A warning rang in Lindsey’s head. Reevaluate from Eric’s lips meant We’ll see, as in No way.

“I’m not going anywhere, and Missy isn’t going anywhere without me while she’s not feeling herself. I’m not leaving her side.”

“Even to get married?”

“We’ll still get married the day after tomorrow, just as we planned,” Lindsey said reasonably. “After that, the vet and I will…reevaluate the honeymoon plans.” Her choice of his favorite word to stall was deliberate.

Eric drew in a deep breath and changed tack. “Sweetheart, I know you love the mutt. She’s—”

“Her name is Missy!”

“She’s done great work over the years. You both have. But marriage means we should put each other first.”

“Then you should respect my wishes. I don’t want to leave Missy alone when she’s sick.”

Eric had been disappointed, but agreed to postpone their honeymoon for the time being. “I can wait for the honeymoon, as long as the wedding is still on,” Eric said. He closed the door to her room with the easy maturity that would soon earn the twenty-six-year-old rescuer his promotion to head ranger.

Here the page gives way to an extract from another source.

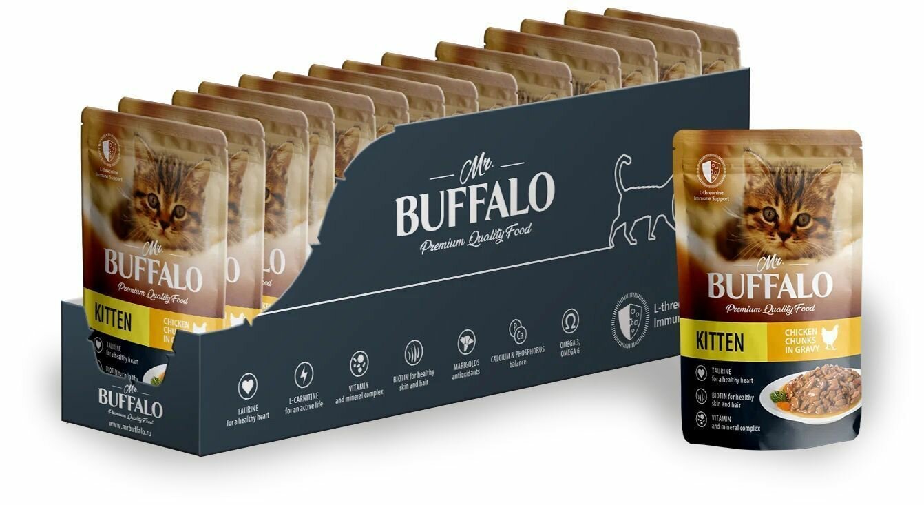Баффало Mr.Buffalo Kitten 28шт по 85г нежный цыпленок в соусе влажный для котят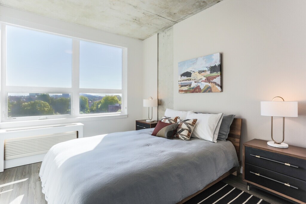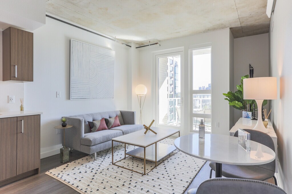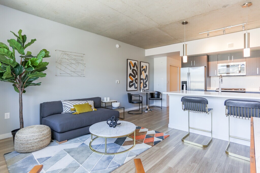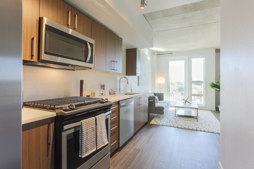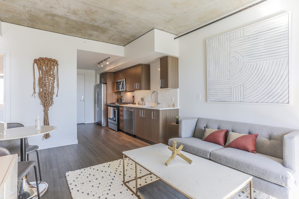 Airy open layouts, oversized windows, light filled spaces, an industrial vibe, and a view. Its all designed to feel as good as it looks. Modern kitchen with quartz countertops, stainless steel appliances, designer fixtures and large under-mount stainless steel sinks. Primary bathrooms equipped with rainfall showerheads and illuminated vanity mirrors. Bike storage, temperature control, and front-load washers and dryers. The must-haves, the nice-to-haves, the dream amenitiestheyre all included to help you live better.

Twenty-one-year-old Lindsey had sighed with relief and considered herself lucky to have such a great guy in her life. But right now her dog needed her. She fixed Missy a special dinner with the vet’s new pills mashed and mixed in. Then they curled up in bed for the night, the woodstove blazing with heat for the invalid. Missy burrowed her nose against Lindsey, while Lindsey encircled the shaggy neck with her arm, her hand resting on Missy’s golden head.

Late that night, before the sun rose on her wedding eve, Missy’s brave heart quietly, painlessly stopped. Even in death, the nose that had saved so many lives remained snuggled under Lindsey’s loving hand.

Lindsey’s fellow rangers gave Missy an official funeral in the beauty of Yosemite that dog and handler had served so faithfully, and loved so well. Her family, in town for the wedding, attended. Pet and kennel owners themselves, they understood Lindsey’s pain. Eric had seemed understanding himself, until later when they all gathered at a local hotel for what was to have been the prewedding dinner.

“Are we all set for the ceremony tomorrow?” he asked.

Lindsey shook her head, tears starting again. “I can’t, Eric.”

He grew very still, as did the whole roomful of family and friends, including other rangers. “I think we should postpone the wedding,” she whispered.

“You mean…cancel.” His voice hadn’t sounded like her lover’s at all.

“No, reschedule,” she insisted. “I just need a day or two and then everything can go on as planned. I’m so sorry, Eric…everyone. I just can’t…” Her voice broke. “I hope you understand.”

He had, at first. He’d been comforting, loving and compassionate—until that evening when Naomi, who had never approved of Lindsey for her beloved twin, had used her influence with Eric.

That influence was considerable.

Lindsey had overheard the end of one argument. “For God’s sake, Eric, Lindsey knows what our work schedules are like! Yours and mine and hers. She’s a park ranger! She also knows this park is booked two years in advance. Not to mention plane reservations and rental car reservations and the tight planning it required to get everyone flown in. This is going to throw everything into one big mess. Believe me, twin, Lindsey doesn’t want you to delay the wedding, she wants to cancel it. She’s scared. Her dog’s death is a perfect excuse to call it off. She’s been dragging her feet all the way to the altar.”

Eric had used those same arguments later that evening in private.

“But…you said you were okay about this,” a shocked Lindsey had said. “It’s only for a day or two.”

“I thought it over, and I’m not.”

“You mean your sister thought it over, and she’s not,” Lindsey had accused him. “You always take her side over mine! Dammit, Eric, I warned you about this. She’s never liked me. She’ll never like anyone who takes you away from her, and if she has to lie to keep you, she will!”

“You’re wrong.”

“I’m not! First thing she did after her husband died was come running back to you! Both your parents are alive, yet suddenly she has to be a park ranger herself.”

“She’s right about one thing. You have been dragging your feet about this wedding,” Eric accused.

“Damn right, but not because of you…because of this very thing! Naomi’s acting like our marriage is her business, and you two are a package deal. Well, I want to marry you, not your sister!”